Wall Street was set to open lower on Tuesday after 3M Co's outlook for the current year came in below analysts' forecast and McDonald's Corp reported a second straight month of declines in domestic sales.

Equity futures were under pressure on a number of fronts. The U.S. dollar was broadly stronger after more worries about the developing debt situation in Dubai hit overseas stock markets, and commodity prices slipped. Comments from ratings agency Moody's also highlighted the fragility of the economic recovery.

The combination of some negative corporate news, the strengthening of the dollar and the exiting of commodities is weighing on the futures pre-open, said Peter Cardillo, chief market economist at Avalon Partners in New York.

3M fell 2 percent to $76.29 before the opening bell after the diversified manufacturer forecast 2009 earnings per share, excluding items, between $4.50 and $4.55 per share. The consensus of analysts polled by Thomson Reuters is for earnings of $4.57 a share.

Shares of McDonald's Corp slid 2.4 percent to $60.45 after it said sales at established U.S. restaurants dipped in November, the second straight month of declines at domestic outlets.

Oil fell below $73 a barrel, extending the previous day's 2 percent decline. The dollar <.DXY>, which has traded inversely to stocks of late, firmed 0.3 percent against a basket of currencies.

FedEx Corp could help limit losses after it said late on Monday its second-quarter earnings would easily beat its previous forecast, citing strong growth in international demand for its air services, especially in Asia and Latin America. Its shares gained 2.1 percent to $89.40 premarket.
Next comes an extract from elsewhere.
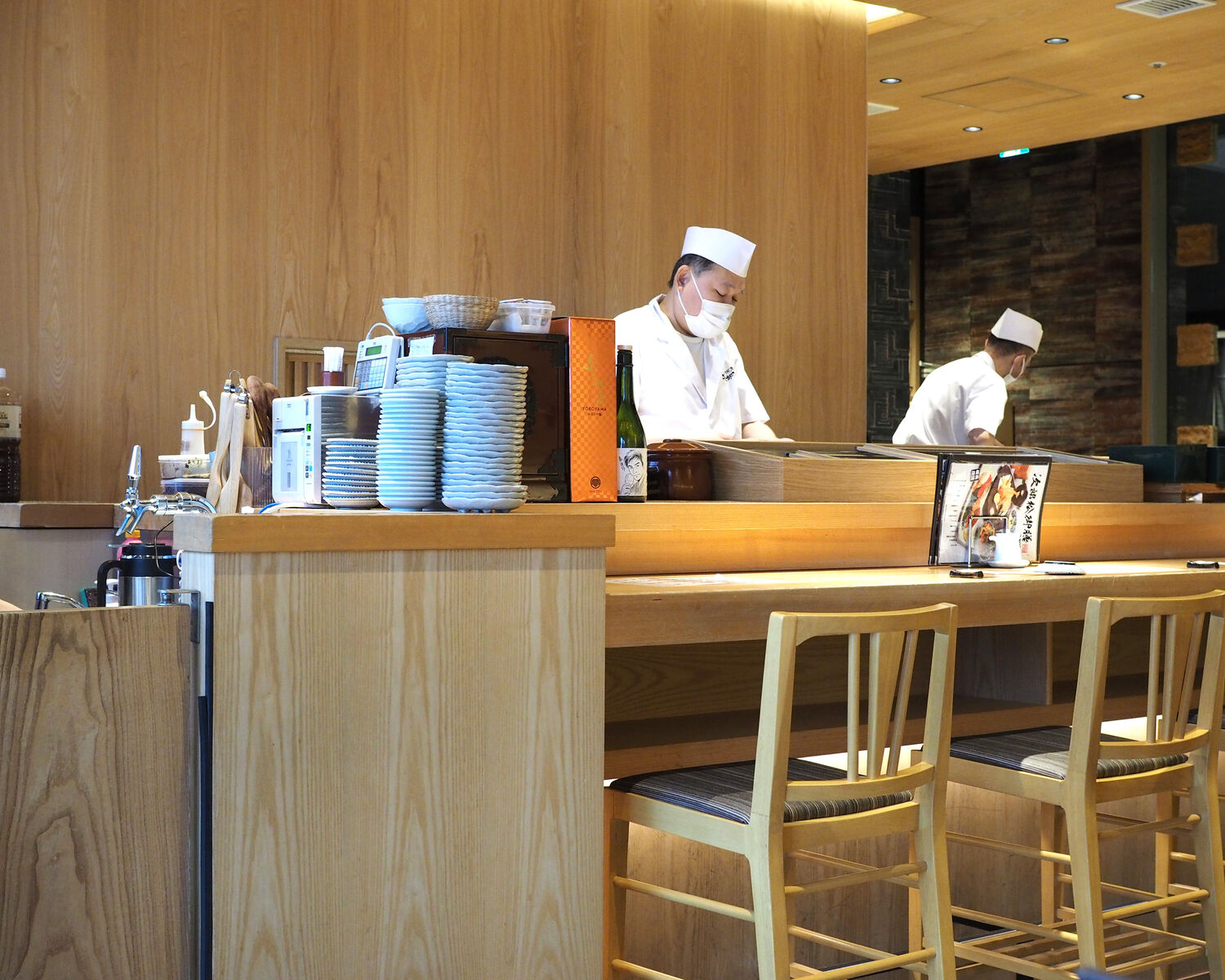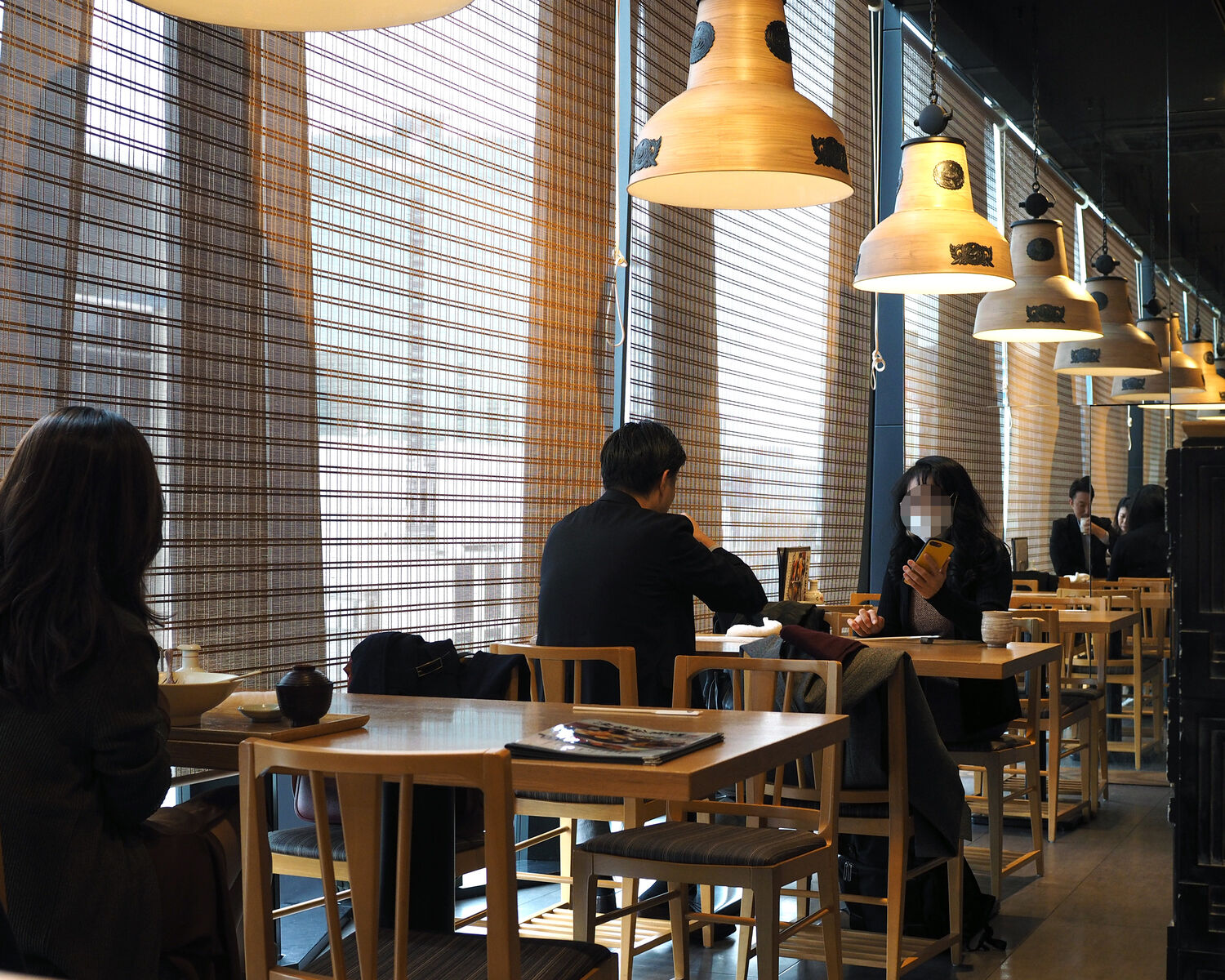 印象的な大きな暖簾を潜りますと、白木で作られたカウンター席のほか、外堀通りを眼下にする窓側にはテーブル席が置かれていまして…

S&P 500 futures fell 8.8 points and were below fair value, a formula that evaluates pricing by taking into account interest rates, dividends and time to expiration on the contract. Dow Jones industrial average futures slipped 74 points, while Nasdaq 100 futures dipped 15.25 points.

The S&P 500 and Nasdaq ended slightly lower on Monday and the Dow was flat, reversing earlier gains following comments from Federal Reserve Chairman Ben Bernanke that sparked jitters about the pace of the economic recovery.

Moody's Investors Service said the global economic and financial crises may be close to an end, but the fiscal crisis in a number of top-rated countries could last for several years.

Investors were also watching developments in Dubai as its leaders dithered over a rescue for debt-laden company Dubai World. The firm had said in late November it needed a six month standstill on payments, but a government official said on Tuesday it would need more time than that.